Task prompt — Only the lines of the listing below that run from the line with "ユーモラスなペンギンたちの日常生活を、コミュニケーションのお供にお役立て下さい。Toko Furusawa より発売" through the line with "翌2023年1月、協会の会員" are to be set down, word for word. Pictures stay out.

Given records —
- - - - - - -

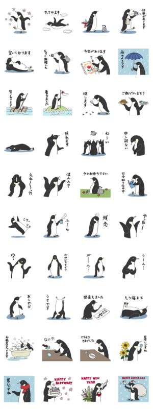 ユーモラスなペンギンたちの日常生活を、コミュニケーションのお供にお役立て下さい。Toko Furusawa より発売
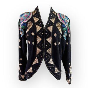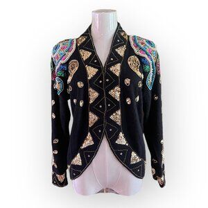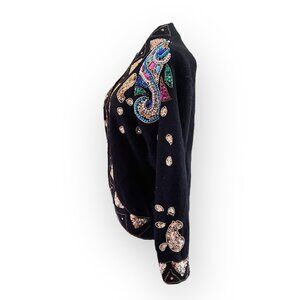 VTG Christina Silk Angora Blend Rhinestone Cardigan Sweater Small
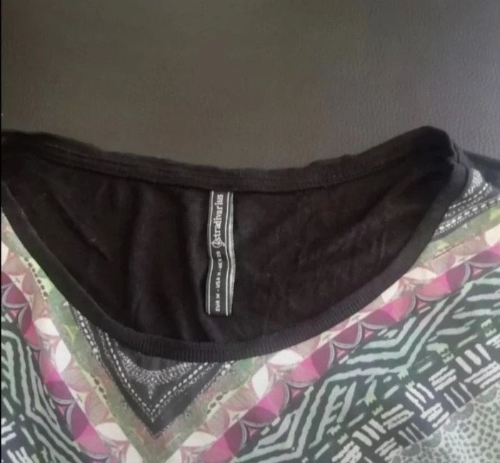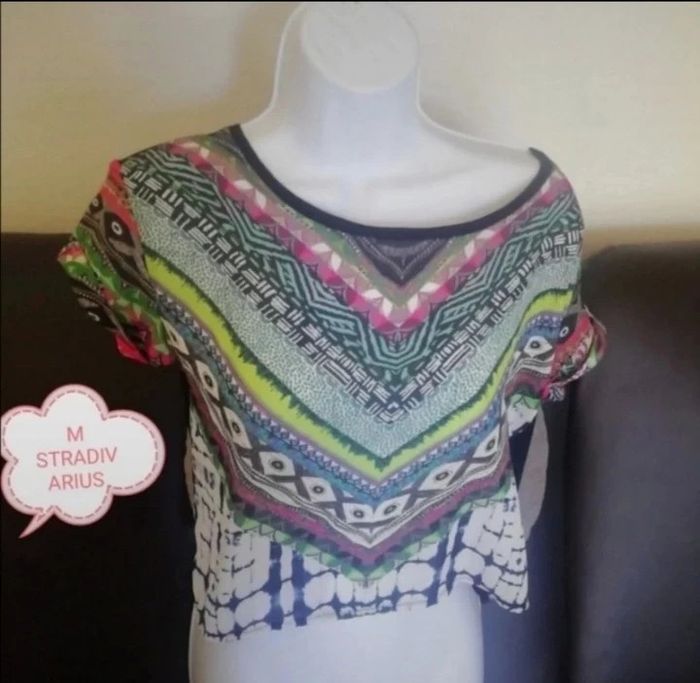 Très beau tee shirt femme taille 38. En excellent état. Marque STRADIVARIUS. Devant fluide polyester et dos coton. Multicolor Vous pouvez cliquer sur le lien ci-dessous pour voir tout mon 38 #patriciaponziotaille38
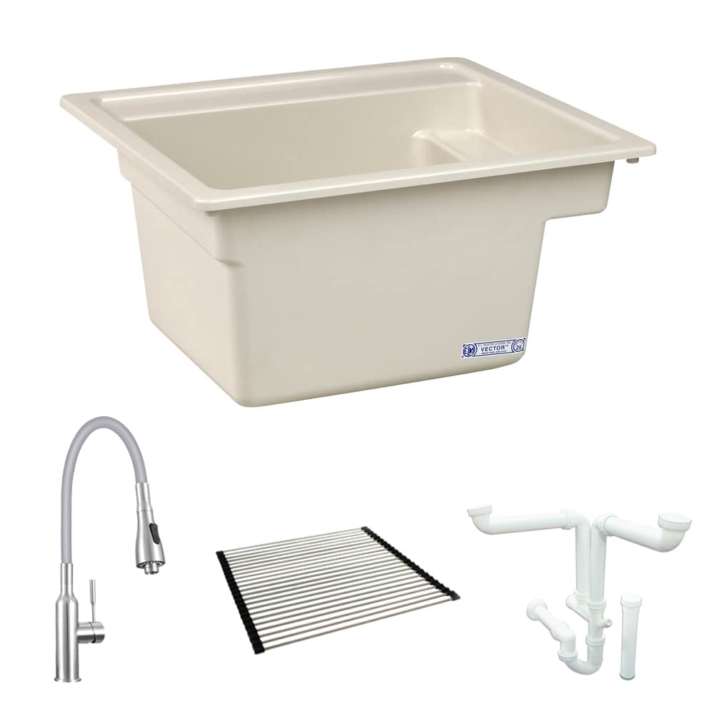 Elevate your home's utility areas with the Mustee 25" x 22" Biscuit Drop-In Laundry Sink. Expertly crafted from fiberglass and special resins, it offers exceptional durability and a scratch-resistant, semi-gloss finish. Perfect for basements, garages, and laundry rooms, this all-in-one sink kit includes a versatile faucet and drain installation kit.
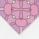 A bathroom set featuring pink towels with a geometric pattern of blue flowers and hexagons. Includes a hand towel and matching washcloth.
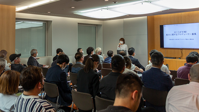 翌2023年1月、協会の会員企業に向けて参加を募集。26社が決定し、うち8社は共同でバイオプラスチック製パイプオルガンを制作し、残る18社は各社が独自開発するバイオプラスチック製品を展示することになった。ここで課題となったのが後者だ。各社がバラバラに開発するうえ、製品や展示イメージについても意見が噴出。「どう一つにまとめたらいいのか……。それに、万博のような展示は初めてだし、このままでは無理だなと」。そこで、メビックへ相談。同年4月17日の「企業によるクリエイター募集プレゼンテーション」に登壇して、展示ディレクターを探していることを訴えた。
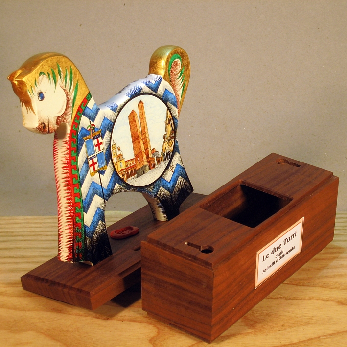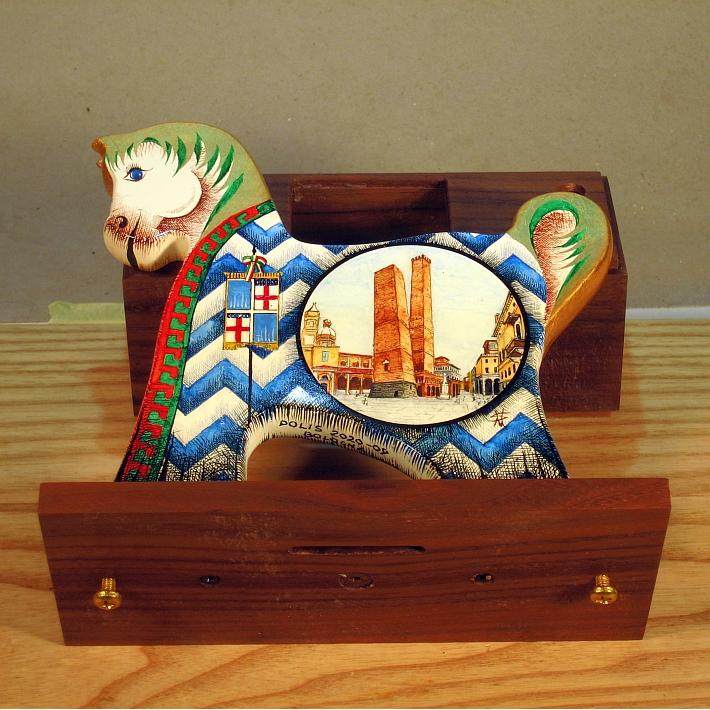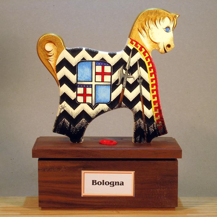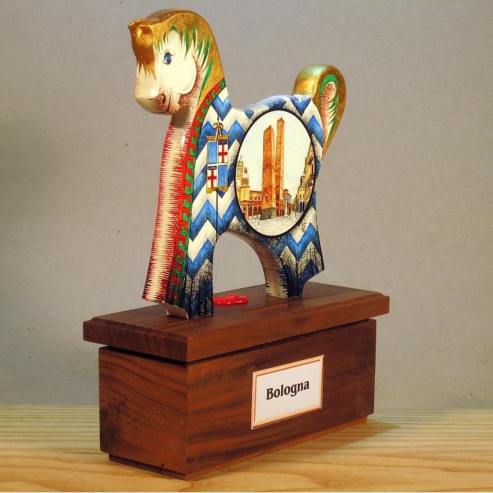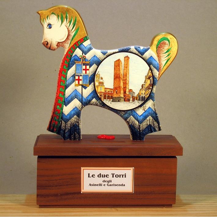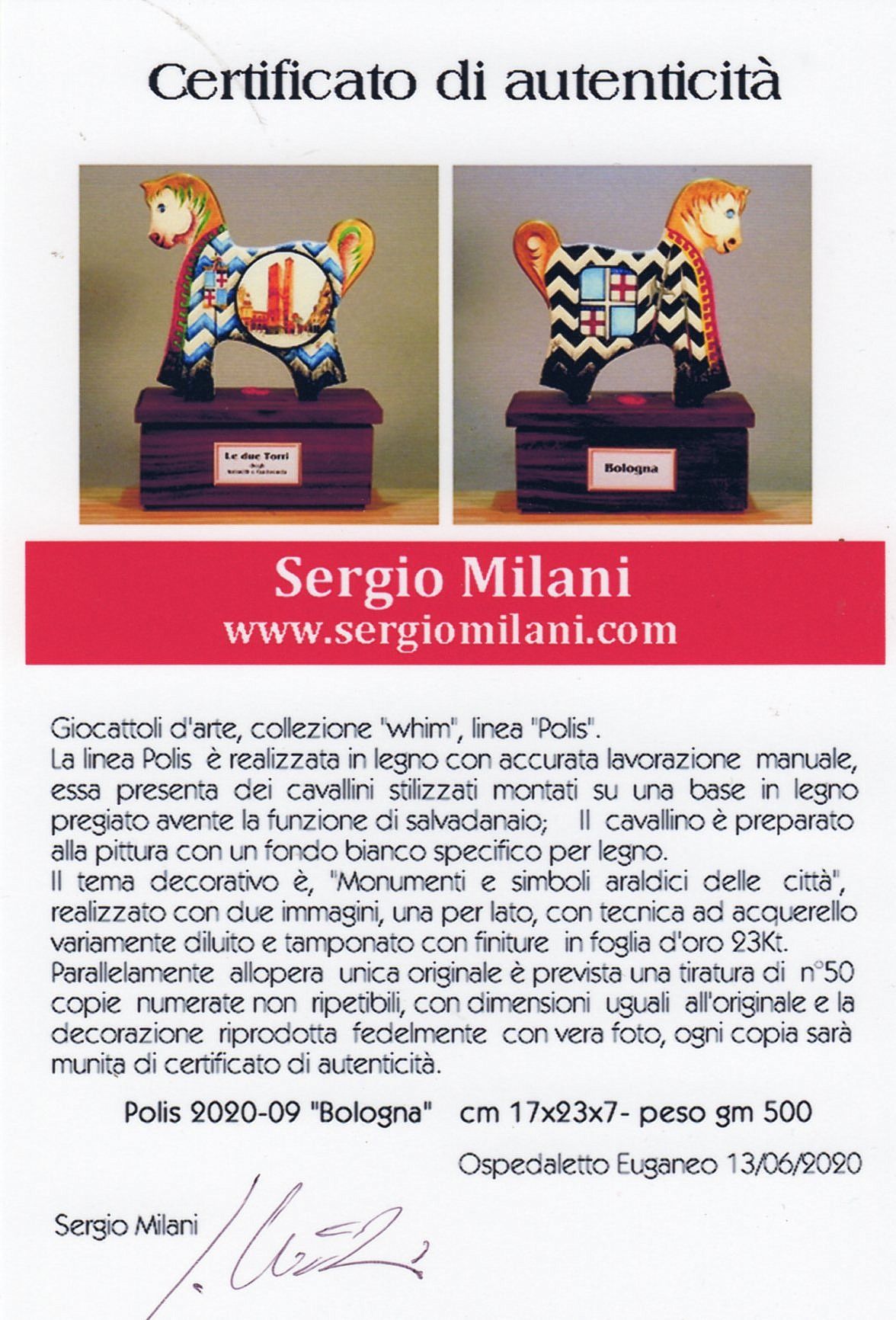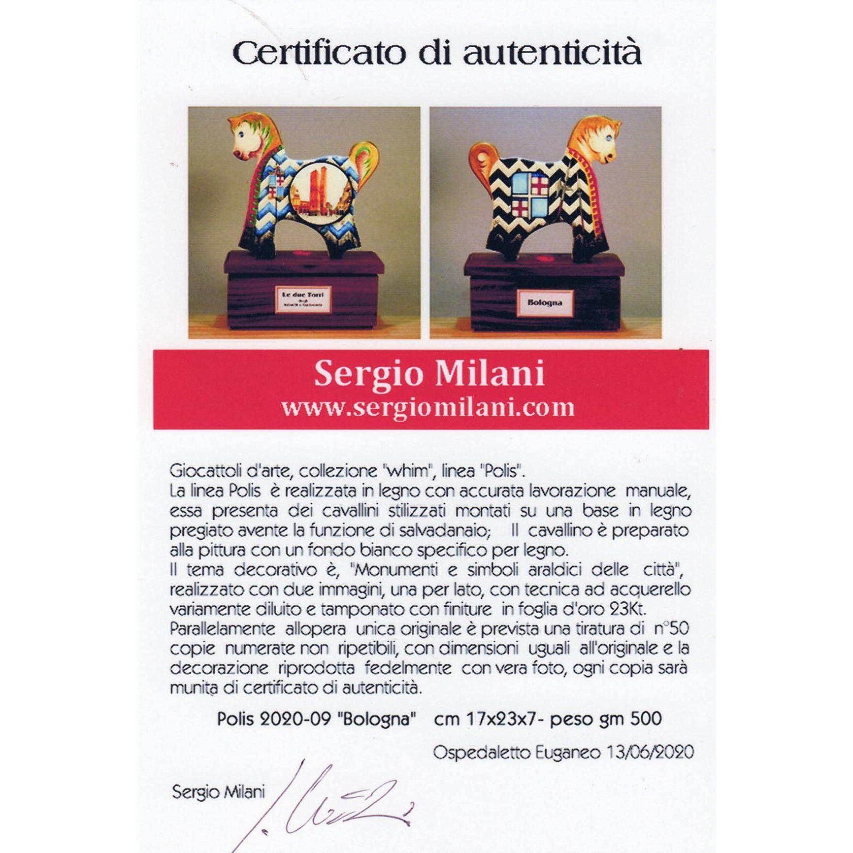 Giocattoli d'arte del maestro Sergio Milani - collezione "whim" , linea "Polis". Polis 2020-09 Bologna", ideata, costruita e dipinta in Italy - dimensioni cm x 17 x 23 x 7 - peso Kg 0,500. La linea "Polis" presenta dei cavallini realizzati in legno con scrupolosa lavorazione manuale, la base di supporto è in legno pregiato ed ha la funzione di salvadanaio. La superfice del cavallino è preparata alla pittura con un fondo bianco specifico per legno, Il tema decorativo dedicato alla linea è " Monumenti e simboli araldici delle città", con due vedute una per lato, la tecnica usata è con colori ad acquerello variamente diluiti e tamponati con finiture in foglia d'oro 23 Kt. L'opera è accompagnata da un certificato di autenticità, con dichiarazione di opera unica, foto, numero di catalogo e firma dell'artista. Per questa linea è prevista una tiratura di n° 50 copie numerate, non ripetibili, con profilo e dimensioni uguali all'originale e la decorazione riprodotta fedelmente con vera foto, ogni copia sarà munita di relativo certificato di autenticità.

- - - - - - -

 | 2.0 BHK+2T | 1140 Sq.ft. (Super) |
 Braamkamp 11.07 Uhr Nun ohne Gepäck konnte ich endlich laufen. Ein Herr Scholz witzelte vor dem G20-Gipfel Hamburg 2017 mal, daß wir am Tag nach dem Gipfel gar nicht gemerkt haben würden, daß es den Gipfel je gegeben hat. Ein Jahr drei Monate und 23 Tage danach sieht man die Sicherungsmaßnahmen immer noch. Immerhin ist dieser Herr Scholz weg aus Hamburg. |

- - - - - - -

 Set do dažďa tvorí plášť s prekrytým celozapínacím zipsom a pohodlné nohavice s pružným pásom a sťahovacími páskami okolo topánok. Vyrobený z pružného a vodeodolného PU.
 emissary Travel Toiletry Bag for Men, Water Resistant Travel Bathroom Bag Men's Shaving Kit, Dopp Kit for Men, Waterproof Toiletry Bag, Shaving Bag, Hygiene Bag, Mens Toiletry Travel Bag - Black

- - - - - - -

Answer to this task —
 ユーモラスなペンギンたちの日常生活を、コミュニケーションのお供にお役立て下さい。Toko Furusawa より発売
 VTG Christina Silk Angora Blend Rhinestone Cardigan Sweater Small
 Très beau tee shirt femme taille 38. En excellent état. Marque STRADIVARIUS. Devant fluide polyester et dos coton. Multicolor Vous pouvez cliquer sur le lien ci-dessous pour voir tout mon 38 #patriciaponziotaille38
 Elevate your home's utility areas with the Mustee 25" x 22" Biscuit Drop-In Laundry Sink. Expertly crafted from fiberglass and special resins, it offers exceptional durability and a scratch-resistant, semi-gloss finish. Perfect for basements, garages, and laundry rooms, this all-in-one sink kit includes a versatile faucet and drain installation kit.
 A bathroom set featuring pink towels with a geometric pattern of blue flowers and hexagons. Includes a hand towel and matching washcloth.
 翌2023年1月、協会の会員企業に向けて参加を募集。26社が決定し、うち8社は共同でバイオプラスチック製パイプオルガンを制作し、残る18社は各社が独自開発するバイオプラスチック製品を展示することになった。ここで課題となったのが後者だ。各社がバラバラに開発するうえ、製品や展示イメージについても意見が噴出。「どう一つにまとめたらいいのか……。それに、万博のような展示は初めてだし、このままでは無理だなと」。そこで、メビックへ相談。同年4月17日の「企業によるクリエイター募集プレゼンテーション」に登壇して、展示ディレクターを探していることを訴えた。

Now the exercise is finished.